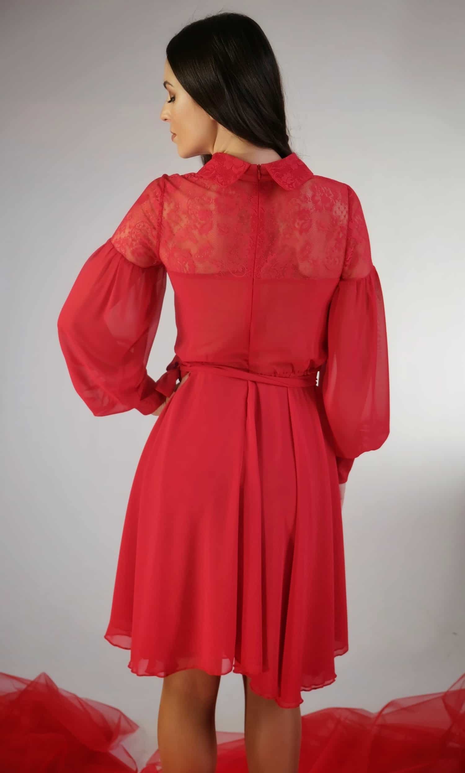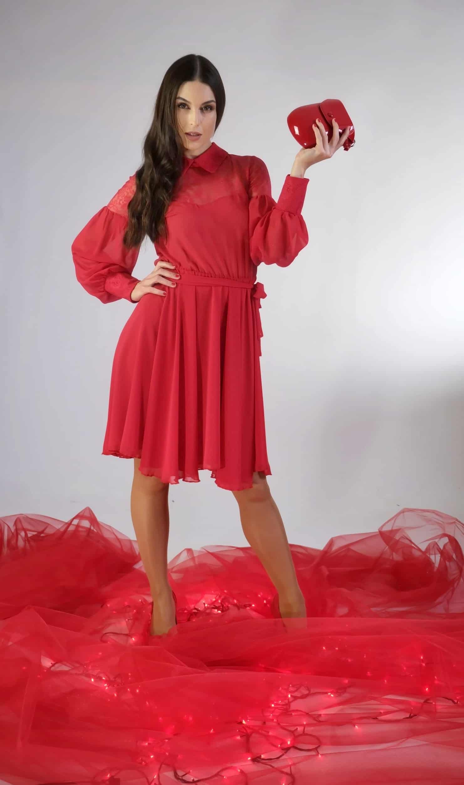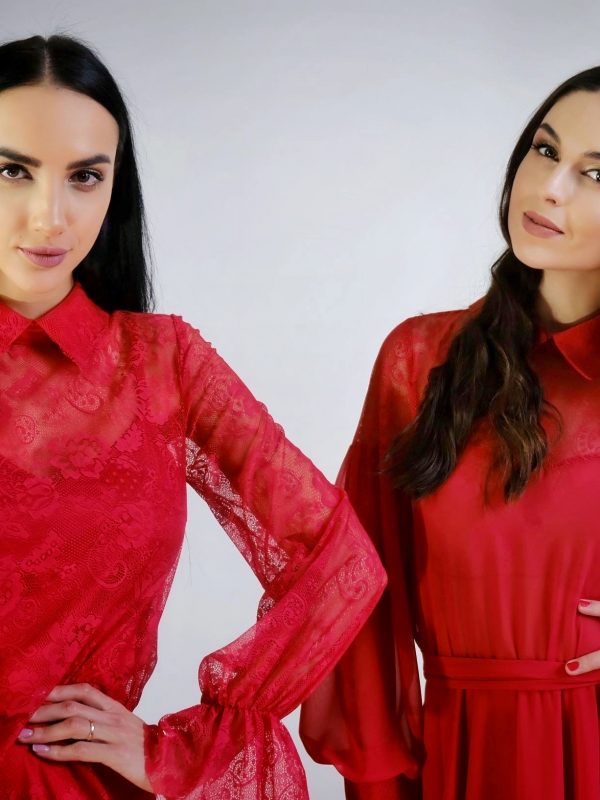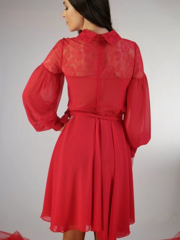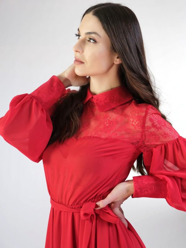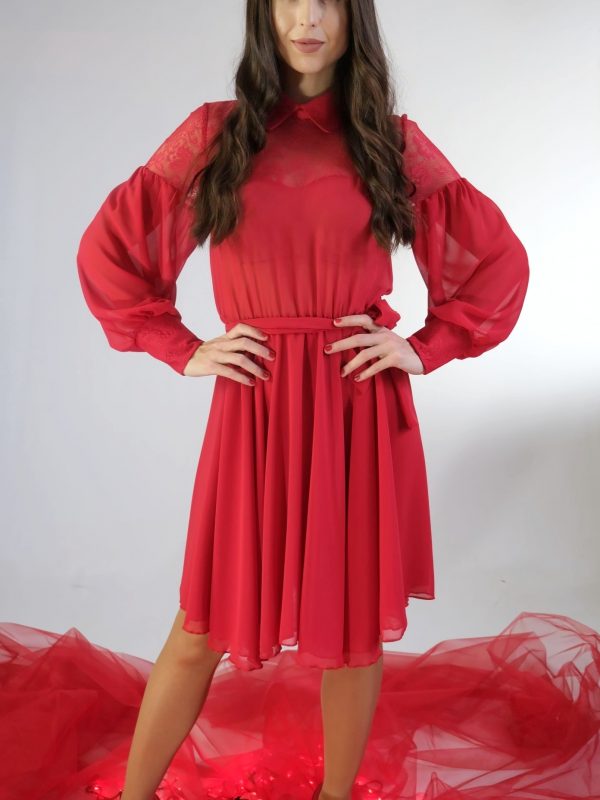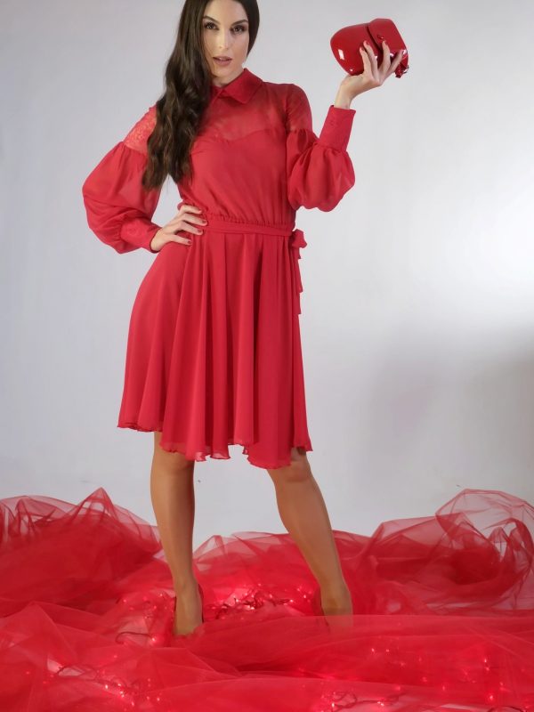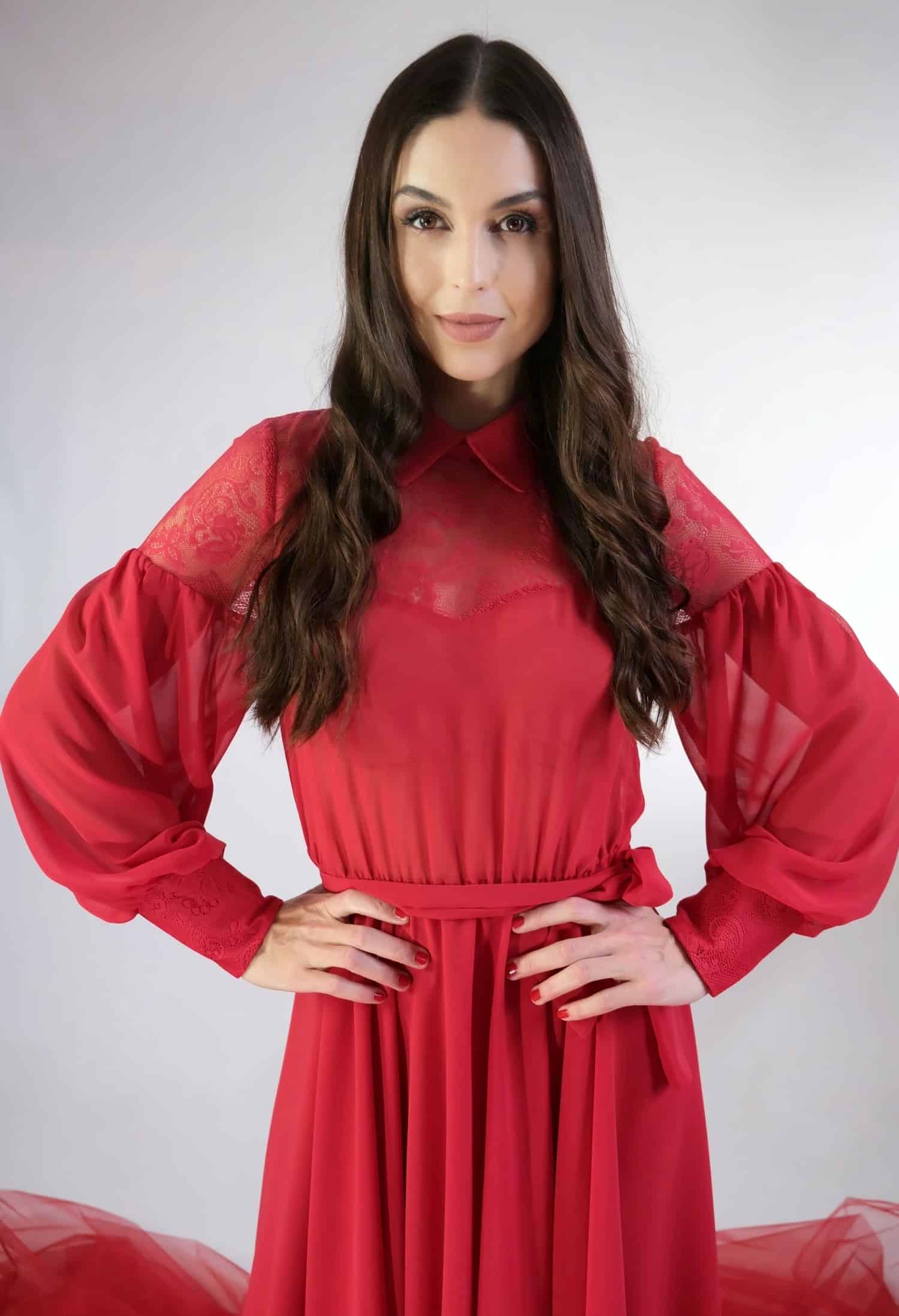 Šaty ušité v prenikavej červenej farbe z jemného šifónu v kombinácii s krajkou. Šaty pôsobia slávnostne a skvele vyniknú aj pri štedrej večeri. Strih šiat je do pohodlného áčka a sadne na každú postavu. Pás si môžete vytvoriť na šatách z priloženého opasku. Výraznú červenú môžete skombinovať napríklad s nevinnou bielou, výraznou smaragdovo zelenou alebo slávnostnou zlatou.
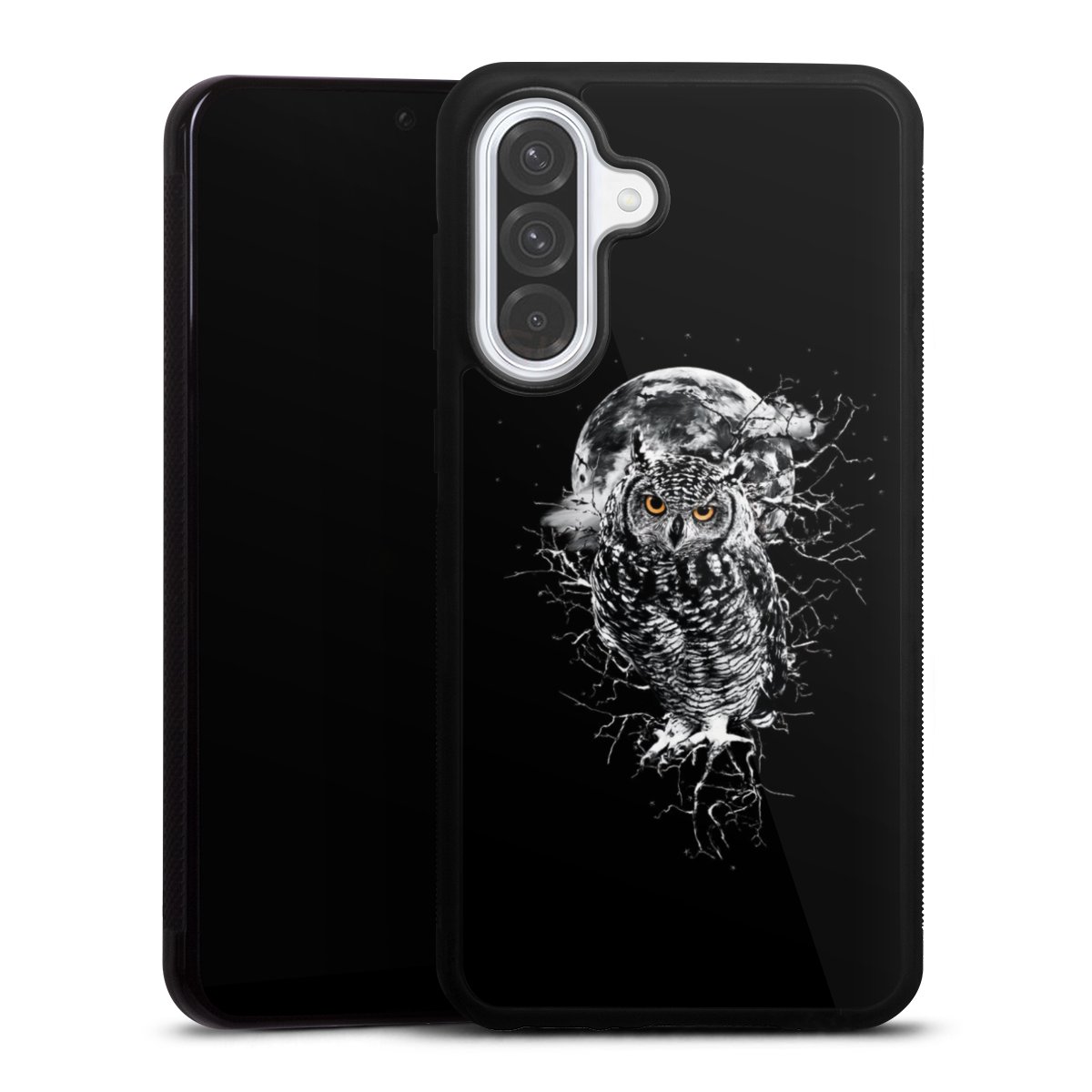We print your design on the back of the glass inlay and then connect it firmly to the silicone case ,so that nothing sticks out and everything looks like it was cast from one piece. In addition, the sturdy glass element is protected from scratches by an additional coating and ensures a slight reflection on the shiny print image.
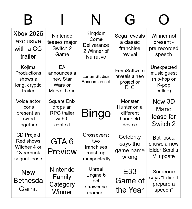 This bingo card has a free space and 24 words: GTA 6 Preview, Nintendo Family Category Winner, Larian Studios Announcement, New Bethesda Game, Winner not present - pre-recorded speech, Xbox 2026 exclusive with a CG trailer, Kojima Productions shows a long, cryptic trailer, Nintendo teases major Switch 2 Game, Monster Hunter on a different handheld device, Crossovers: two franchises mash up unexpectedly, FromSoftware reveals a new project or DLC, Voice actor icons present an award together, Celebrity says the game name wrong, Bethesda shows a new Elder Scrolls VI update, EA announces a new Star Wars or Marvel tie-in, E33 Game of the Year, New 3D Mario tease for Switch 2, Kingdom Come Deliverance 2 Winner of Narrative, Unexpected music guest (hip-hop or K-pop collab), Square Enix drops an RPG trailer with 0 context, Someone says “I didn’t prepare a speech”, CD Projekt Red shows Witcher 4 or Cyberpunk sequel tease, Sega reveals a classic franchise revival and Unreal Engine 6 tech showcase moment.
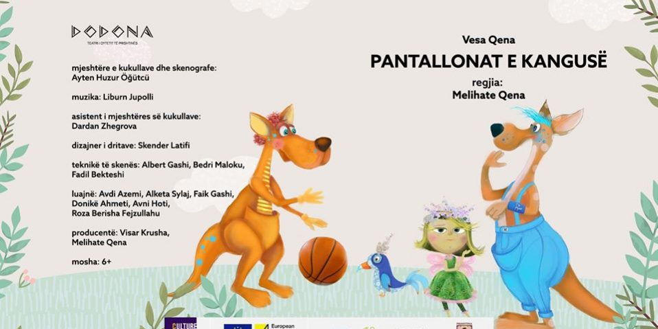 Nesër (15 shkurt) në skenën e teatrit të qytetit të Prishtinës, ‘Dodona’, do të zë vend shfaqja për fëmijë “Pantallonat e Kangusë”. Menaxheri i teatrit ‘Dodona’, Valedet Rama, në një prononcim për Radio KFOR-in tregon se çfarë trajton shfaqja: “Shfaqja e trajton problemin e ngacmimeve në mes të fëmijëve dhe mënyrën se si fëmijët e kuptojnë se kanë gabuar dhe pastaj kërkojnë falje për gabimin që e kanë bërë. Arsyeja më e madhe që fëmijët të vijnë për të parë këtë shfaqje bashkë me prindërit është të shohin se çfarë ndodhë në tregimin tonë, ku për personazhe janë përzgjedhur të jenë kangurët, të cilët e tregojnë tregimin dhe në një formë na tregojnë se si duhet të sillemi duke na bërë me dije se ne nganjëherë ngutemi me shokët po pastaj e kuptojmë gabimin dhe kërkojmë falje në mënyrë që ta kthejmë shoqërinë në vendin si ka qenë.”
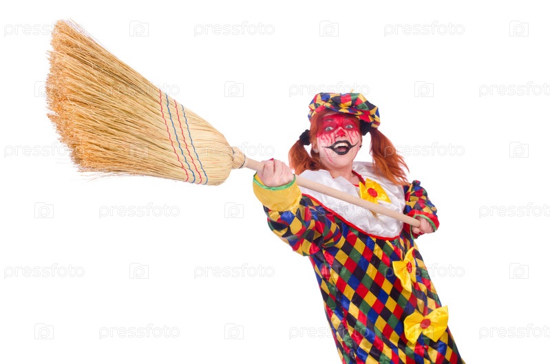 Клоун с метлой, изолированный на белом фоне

※

- **What is expected**
Give again, exactly, each line from the one that contains "Nesër (15 shkurt)" through the last line of the material above. Pictures do not belong in the copy.

- **Task answer**
 Nesër (15 shkurt) në skenën e teatrit të qytetit të Prishtinës, ‘Dodona’, do të zë vend shfaqja për fëmijë “Pantallonat e Kangusë”. Menaxheri i teatrit ‘Dodona’, Valedet Rama, në një prononcim për Radio KFOR-in tregon se çfarë trajton shfaqja: “Shfaqja e trajton problemin e ngacmimeve në mes të fëmijëve dhe mënyrën se si fëmijët e kuptojnë se kanë gabuar dhe pastaj kërkojnë falje për gabimin që e kanë bërë. Arsyeja më e madhe që fëmijët të vijnë për të parë këtë shfaqje bashkë me prindërit është të shohin se çfarë ndodhë në tregimin tonë, ku për personazhe janë përzgjedhur të jenë kangurët, të cilët e tregojnë tregimin dhe në një formë na tregojnë se si duhet të sillemi duke na bërë me dije se ne nganjëherë ngutemi me shokët po pastaj e kuptojmë gabimin dhe kërkojmë falje në mënyrë që ta kthejmë shoqërinë në vendin si ka qenë.”
 Клоун с метлой, изолированный на белом фоне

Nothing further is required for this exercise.